Derivative of 4x(cosx^3)

1. The derivative of a constant times a function is the constant times the derivative of the function.

   1. Apply the product rule:

      $$\frac{d}{d x} f{\left(x \right)} g{\left(x \right)} = f{\left(x \right)} \frac{d}{d x} g{\left(x \right)} + g{\left(x \right)} \frac{d}{d x} f{\left(x \right)}$$

      $f{\left(x \right)} = x$; to find $\frac{d}{d x} f{\left(x \right)}$:

      1. Apply the power rule: $x$ goes to $1$

      $g{\left(x \right)} = \cos^{3}{\left(x \right)}$; to find $\frac{d}{d x} g{\left(x \right)}$:

      1. Let $u = \cos{\left(x \right)}$.

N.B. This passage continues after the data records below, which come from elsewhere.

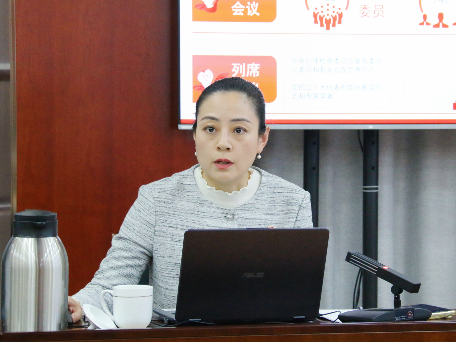 电子与信息技术系党支部书记赵欣围绕本支部“‘四引领强基、四融合赋能’打造院系‘一融双高’发展新机制”获奖案例的创新思路由来、具体做法及实现路径进行了交流发言。党群工作部部长祖国布置了近期党建与宣传思想工作。
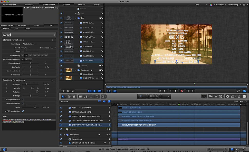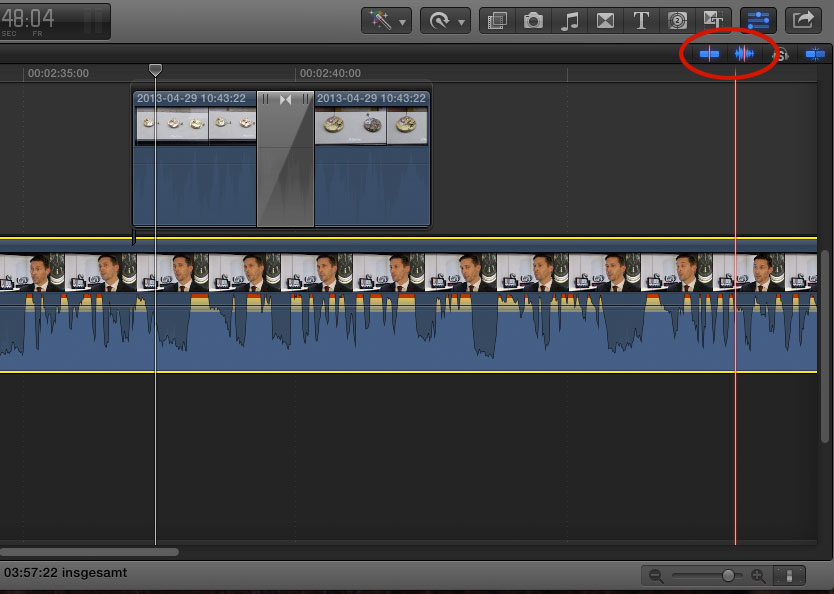 - Es gibt bei FCP X keine klassischen, für sich allein stehenden Spuren, sondern eine zentrale Spur — »Handlung« genannt — an die alle anderen Ebenen angedockt werden müssen.
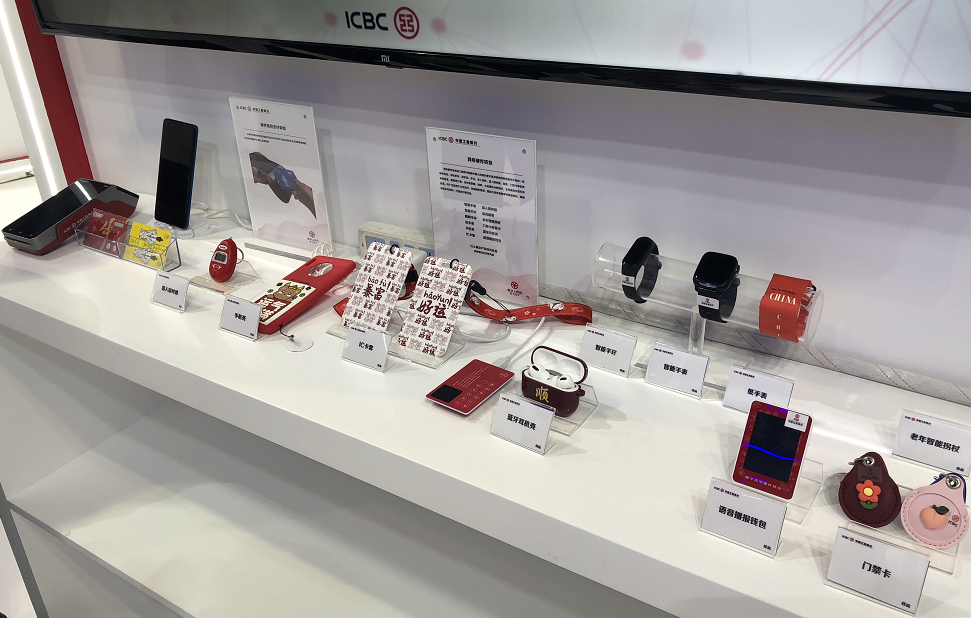 数字人民币硬件钱包除了有可视化芯片卡形态外,目前银行还开发出了多款异形硬件钱包,如工行此次就展出包括老年人拐杖、老年报时器、门禁卡套、大屏语音播报钱包、学生手表等异形硬件钱包。
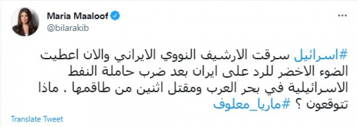 وكتبت في تغريدة عبر "تويتر" رصدها "المشهد العربي": "إسرائيل سرقت الأرشيف النووي الإيراني والآن أعطيت الضوء الأخضر للرد على إيران بعد ضرب حاملة النفط الإسرائيلية في بحر العرب ومقتل اثنين من طاقمها . ماذا تتوقعون؟".
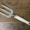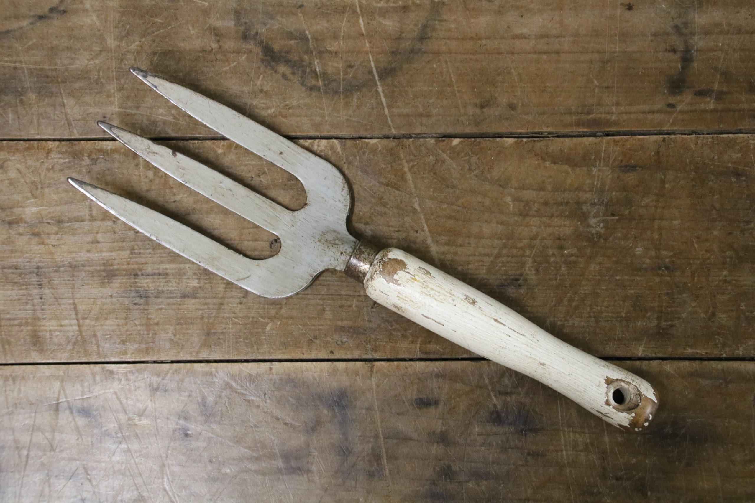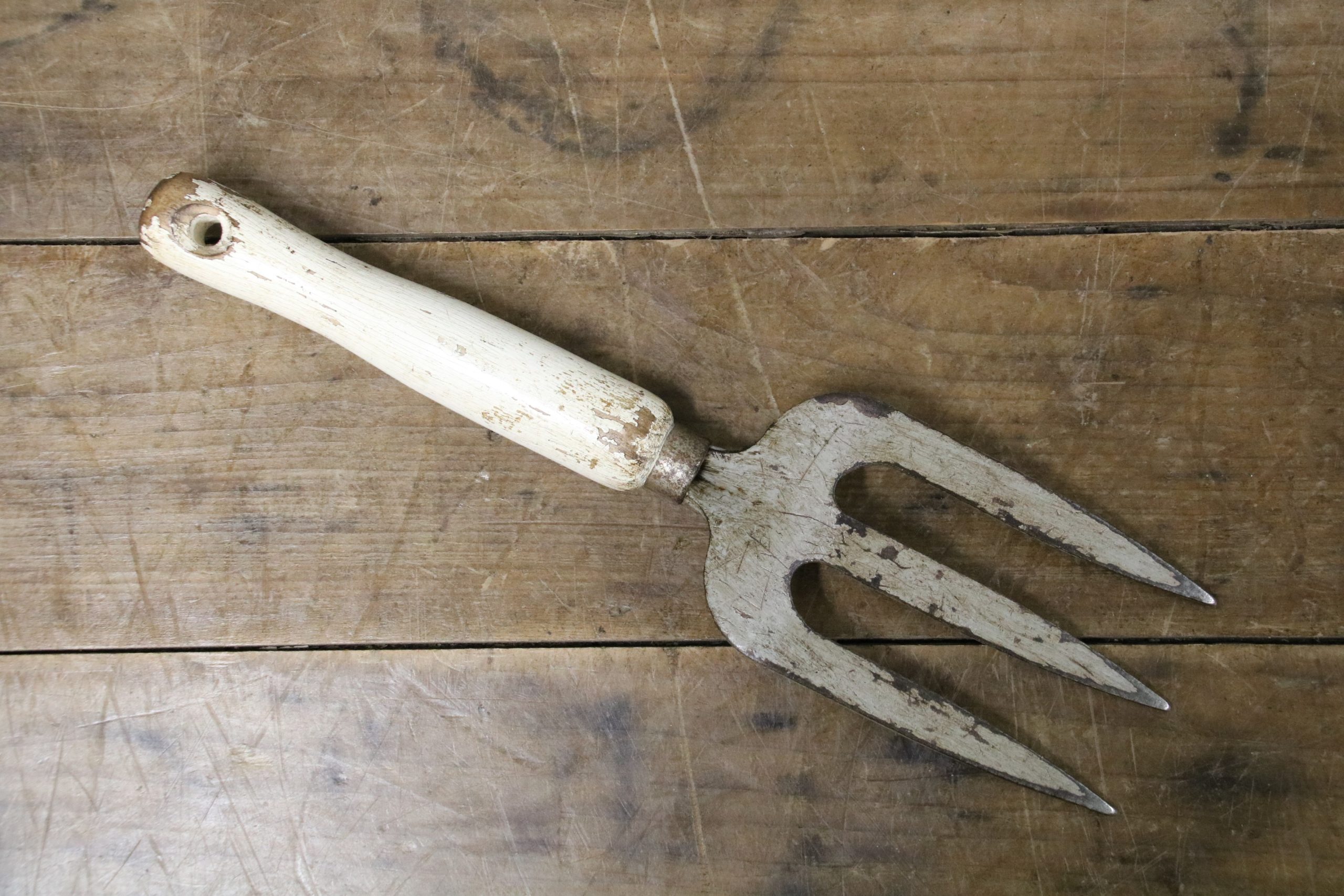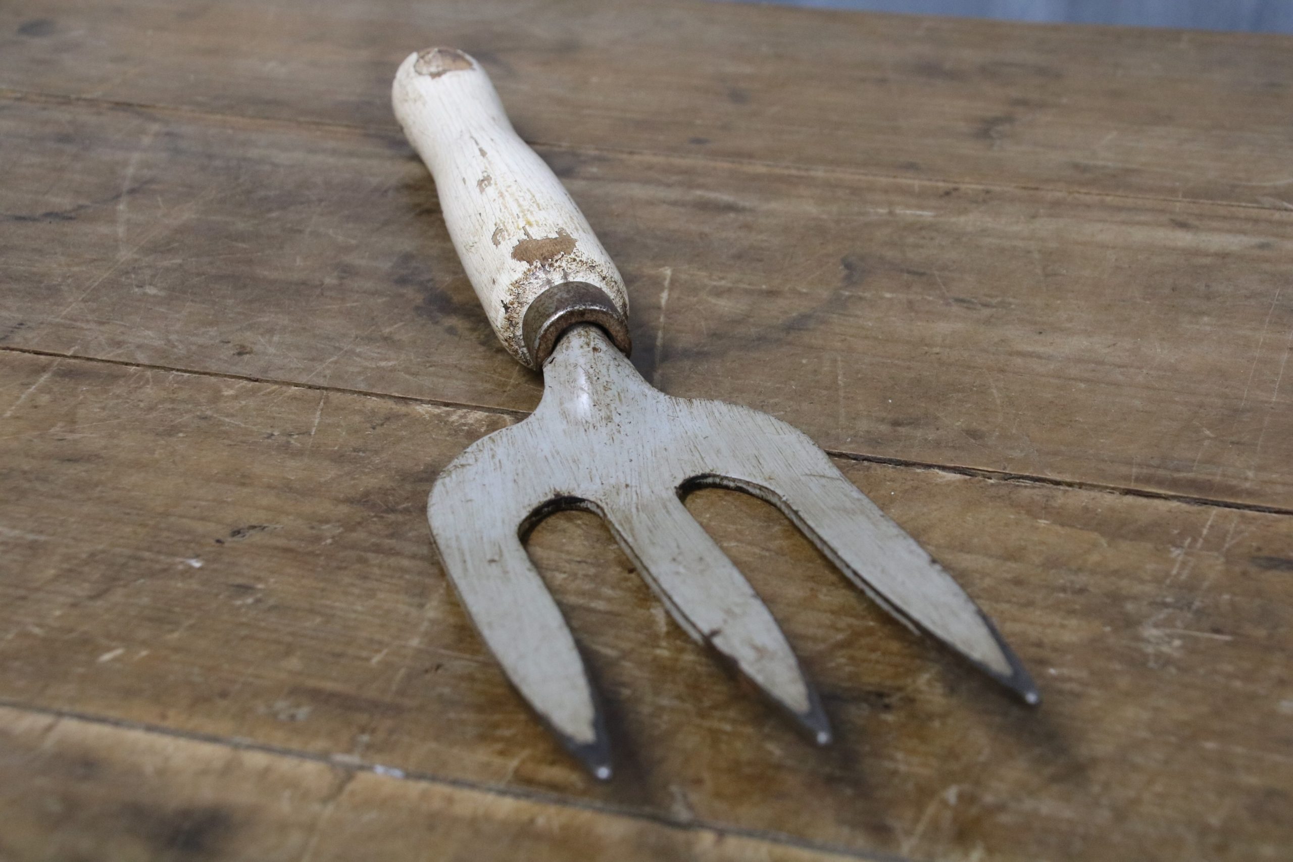 This vintage hand fork is in very good condition with a white distressed waxed wooden handle. The metal prongs have some grey paint remnants on them.

      2. Apply the power rule: $u^{3}$ goes to $3 u^{2}$

      3. Then, apply the chain rule. Multiply by $\frac{d}{d x} \cos{\left(x \right)}$:

         1. The derivative of cosine is negative sine:

            $$\frac{d}{d x} \cos{\left(x \right)} = - \sin{\left(x \right)}$$

         The result of the chain rule is:

         $$- 3 \sin{\left(x \right)} \cos^{2}{\left(x \right)}$$

      The result is: $- 3 x \sin{\left(x \right)} \cos^{2}{\left(x \right)} + \cos^{3}{\left(x \right)}$

   So, the result is: $- 12 x \sin{\left(x \right)} \cos^{2}{\left(x \right)} + 4 \cos^{3}{\left(x \right)}$

2. Now simplify:

   $$4 \left(- 3 x \sin{\left(x \right)} + \cos{\left(x \right)}\right) \cos^{2}{\left(x \right)}$$

The answer is:

$$4 \left(- 3 x \sin{\left(x \right)} + \cos{\left(x \right)}\right) \cos^{2}{\left(x \right)}$$